Data shown.
▬▬▬▬▬▬

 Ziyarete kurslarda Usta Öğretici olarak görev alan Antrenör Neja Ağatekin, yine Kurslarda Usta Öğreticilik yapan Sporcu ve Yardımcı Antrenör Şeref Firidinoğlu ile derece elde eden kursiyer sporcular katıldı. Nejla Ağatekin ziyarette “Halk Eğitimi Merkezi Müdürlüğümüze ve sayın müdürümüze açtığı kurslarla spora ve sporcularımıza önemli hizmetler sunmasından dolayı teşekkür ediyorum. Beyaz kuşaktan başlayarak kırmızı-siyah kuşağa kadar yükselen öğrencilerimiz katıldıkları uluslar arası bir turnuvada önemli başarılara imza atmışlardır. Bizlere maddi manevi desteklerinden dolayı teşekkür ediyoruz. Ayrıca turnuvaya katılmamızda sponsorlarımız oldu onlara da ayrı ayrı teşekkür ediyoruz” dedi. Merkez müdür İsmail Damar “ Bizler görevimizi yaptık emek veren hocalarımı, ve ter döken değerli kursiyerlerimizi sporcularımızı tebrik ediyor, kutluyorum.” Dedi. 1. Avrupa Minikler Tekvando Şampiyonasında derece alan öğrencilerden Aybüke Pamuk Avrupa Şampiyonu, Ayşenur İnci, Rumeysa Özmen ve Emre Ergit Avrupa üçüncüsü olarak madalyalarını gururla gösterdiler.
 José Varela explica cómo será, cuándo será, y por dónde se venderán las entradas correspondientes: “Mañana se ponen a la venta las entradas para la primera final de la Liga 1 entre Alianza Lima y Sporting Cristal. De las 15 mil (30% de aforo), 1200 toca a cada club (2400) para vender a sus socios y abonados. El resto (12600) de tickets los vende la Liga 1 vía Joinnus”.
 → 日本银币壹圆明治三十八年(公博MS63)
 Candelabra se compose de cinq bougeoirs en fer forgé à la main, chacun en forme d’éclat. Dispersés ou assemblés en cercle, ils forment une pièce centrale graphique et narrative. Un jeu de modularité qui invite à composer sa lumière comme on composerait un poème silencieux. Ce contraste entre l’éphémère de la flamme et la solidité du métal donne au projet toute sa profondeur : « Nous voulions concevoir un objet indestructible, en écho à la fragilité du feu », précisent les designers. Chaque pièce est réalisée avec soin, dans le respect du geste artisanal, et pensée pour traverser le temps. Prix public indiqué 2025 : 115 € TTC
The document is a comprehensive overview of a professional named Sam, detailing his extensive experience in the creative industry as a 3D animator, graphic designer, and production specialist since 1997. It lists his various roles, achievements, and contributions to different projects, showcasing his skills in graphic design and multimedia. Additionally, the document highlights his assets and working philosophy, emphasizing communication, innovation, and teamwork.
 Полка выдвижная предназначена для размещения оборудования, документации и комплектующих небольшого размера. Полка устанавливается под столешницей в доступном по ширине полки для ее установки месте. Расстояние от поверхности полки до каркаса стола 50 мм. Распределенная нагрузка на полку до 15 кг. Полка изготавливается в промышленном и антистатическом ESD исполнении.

▬▬▬▬▬▬

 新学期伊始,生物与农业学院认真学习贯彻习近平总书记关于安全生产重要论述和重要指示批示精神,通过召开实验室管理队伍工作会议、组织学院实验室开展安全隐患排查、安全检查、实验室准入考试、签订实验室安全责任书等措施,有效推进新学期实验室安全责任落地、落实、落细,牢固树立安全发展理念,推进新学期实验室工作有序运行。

▬▬▬▬▬▬

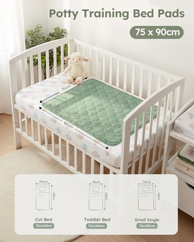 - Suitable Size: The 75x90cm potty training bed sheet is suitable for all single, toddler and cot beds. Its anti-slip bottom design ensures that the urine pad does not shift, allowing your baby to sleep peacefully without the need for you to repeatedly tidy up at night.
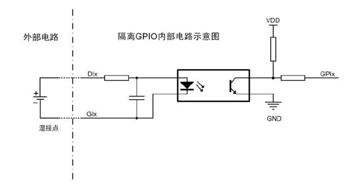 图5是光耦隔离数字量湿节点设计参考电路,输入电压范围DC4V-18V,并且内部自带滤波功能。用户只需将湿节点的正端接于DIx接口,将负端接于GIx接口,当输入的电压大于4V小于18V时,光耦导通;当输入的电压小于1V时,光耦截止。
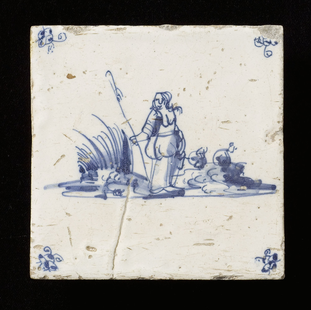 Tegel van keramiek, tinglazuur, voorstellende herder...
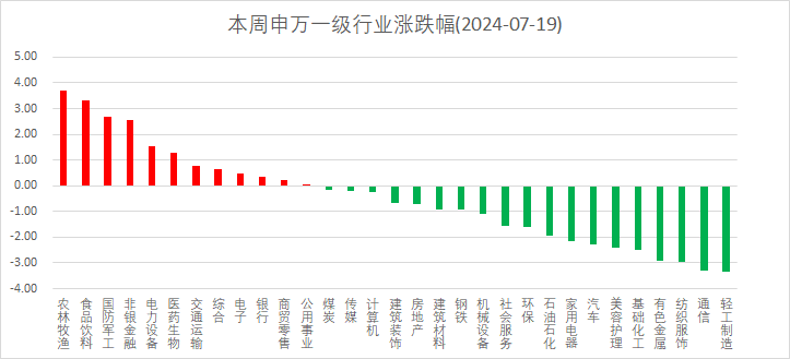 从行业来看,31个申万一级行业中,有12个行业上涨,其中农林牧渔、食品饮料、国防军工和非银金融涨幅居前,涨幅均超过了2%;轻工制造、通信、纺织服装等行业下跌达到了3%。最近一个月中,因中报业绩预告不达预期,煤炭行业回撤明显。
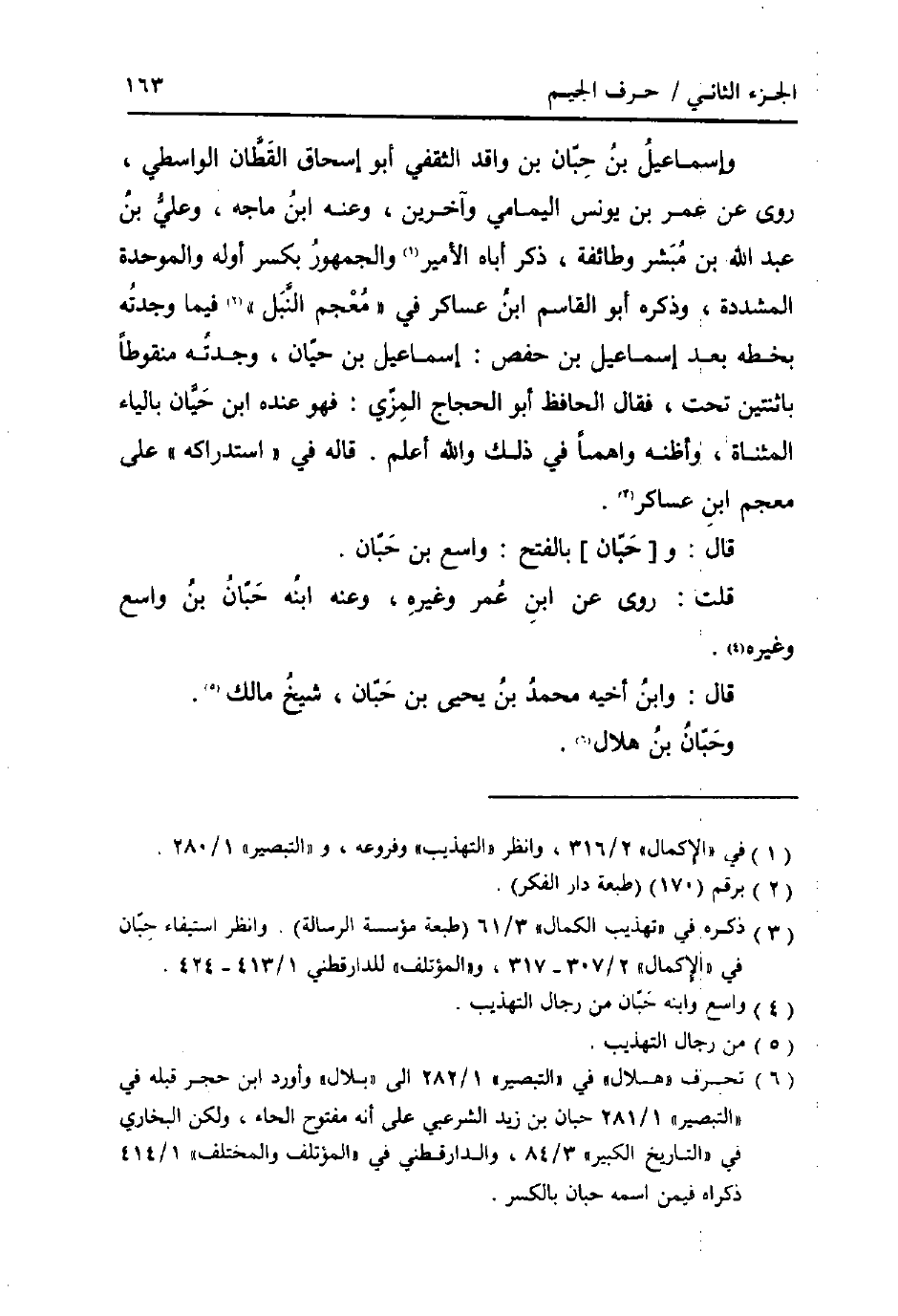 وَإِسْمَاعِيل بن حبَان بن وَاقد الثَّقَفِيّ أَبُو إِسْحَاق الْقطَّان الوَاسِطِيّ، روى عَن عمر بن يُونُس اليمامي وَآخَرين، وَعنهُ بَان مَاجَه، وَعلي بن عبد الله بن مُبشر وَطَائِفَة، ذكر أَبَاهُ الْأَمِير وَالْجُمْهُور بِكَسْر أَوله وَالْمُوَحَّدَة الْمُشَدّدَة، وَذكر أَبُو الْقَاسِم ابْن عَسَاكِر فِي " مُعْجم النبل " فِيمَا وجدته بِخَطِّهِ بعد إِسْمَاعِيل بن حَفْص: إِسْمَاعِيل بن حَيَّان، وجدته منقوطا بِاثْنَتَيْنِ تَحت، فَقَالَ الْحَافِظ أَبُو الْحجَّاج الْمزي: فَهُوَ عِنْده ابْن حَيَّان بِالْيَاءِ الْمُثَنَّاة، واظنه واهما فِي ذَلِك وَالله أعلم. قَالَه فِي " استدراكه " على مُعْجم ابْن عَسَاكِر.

▬▬▬▬▬▬

What you should do. Read through the entries above and copy each line that has the string "entre" in it.

Task solution.
 José Varela explica cómo será, cuándo será, y por dónde se venderán las entradas correspondientes: “Mañana se ponen a la venta las entradas para la primera final de la Liga 1 entre Alianza Lima y Sporting Cristal. De las 15 mil (30% de aforo), 1200 toca a cada club (2400) para vender a sus socios y abonados. El resto (12600) de tickets los vende la Liga 1 vía Joinnus”.
 Candelabra se compose de cinq bougeoirs en fer forgé à la main, chacun en forme d’éclat. Dispersés ou assemblés en cercle, ils forment une pièce centrale graphique et narrative. Un jeu de modularité qui invite à composer sa lumière comme on composerait un poème silencieux. Ce contraste entre l’éphémère de la flamme et la solidité du métal donne au projet toute sa profondeur : « Nous voulions concevoir un objet indestructible, en écho à la fragilité du feu », précisent les designers. Chaque pièce est réalisée avec soin, dans le respect du geste artisanal, et pensée pour traverser le temps. Prix public indiqué 2025 : 115 € TTC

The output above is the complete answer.